*** SOURCE MATERIAL ***

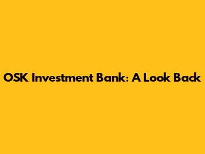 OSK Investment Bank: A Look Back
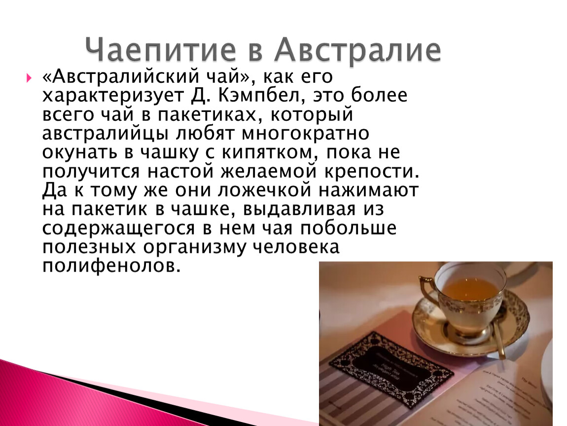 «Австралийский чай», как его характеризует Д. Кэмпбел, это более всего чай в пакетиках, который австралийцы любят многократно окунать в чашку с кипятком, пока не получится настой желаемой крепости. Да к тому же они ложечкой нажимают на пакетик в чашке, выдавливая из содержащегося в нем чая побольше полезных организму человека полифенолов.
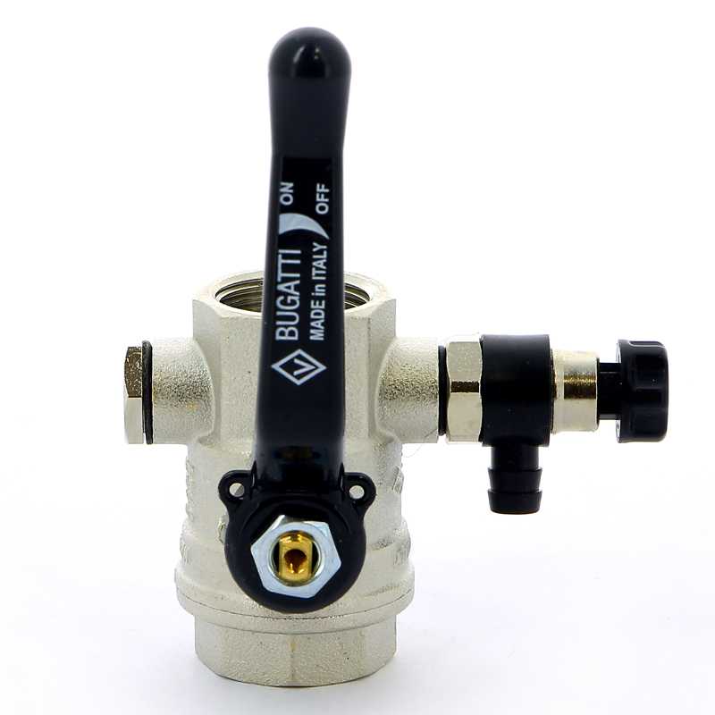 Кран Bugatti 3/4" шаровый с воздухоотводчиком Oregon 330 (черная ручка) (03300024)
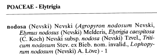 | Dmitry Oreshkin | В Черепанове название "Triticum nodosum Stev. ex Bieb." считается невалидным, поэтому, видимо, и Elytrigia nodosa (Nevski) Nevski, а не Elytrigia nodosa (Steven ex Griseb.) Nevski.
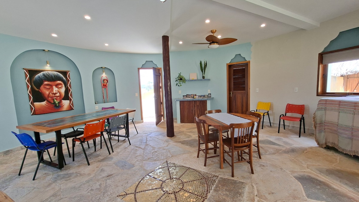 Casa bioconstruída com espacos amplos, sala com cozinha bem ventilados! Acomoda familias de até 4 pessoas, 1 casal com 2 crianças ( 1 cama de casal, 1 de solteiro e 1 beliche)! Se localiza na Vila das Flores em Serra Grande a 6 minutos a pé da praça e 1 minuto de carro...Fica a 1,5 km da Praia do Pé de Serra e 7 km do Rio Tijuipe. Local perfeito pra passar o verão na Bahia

*** End of SOURCE MATERIAL ***

- ABOUT THIS EXERCISE
Set aside the pictures. Then return every line of the material above verbatim.

- SOLUTION FOR THIS TASK
 OSK Investment Bank: A Look Back
 «Австралийский чай», как его характеризует Д. Кэмпбел, это более всего чай в пакетиках, который австралийцы любят многократно окунать в чашку с кипятком, пока не получится настой желаемой крепости. Да к тому же они ложечкой нажимают на пакетик в чашке, выдавливая из содержащегося в нем чая побольше полезных организму человека полифенолов.
 Кран Bugatti 3/4" шаровый с воздухоотводчиком Oregon 330 (черная ручка) (03300024)
 | Dmitry Oreshkin | В Черепанове название "Triticum nodosum Stev. ex Bieb." считается невалидным, поэтому, видимо, и Elytrigia nodosa (Nevski) Nevski, а не Elytrigia nodosa (Steven ex Griseb.) Nevski.
 Casa bioconstruída com espacos amplos, sala com cozinha bem ventilados! Acomoda familias de até 4 pessoas, 1 casal com 2 crianças ( 1 cama de casal, 1 de solteiro e 1 beliche)! Se localiza na Vila das Flores em Serra Grande a 6 minutos a pé da praça e 1 minuto de carro...Fica a 1,5 km da Praia do Pé de Serra e 7 km do Rio Tijuipe. Local perfeito pra passar o verão na Bahia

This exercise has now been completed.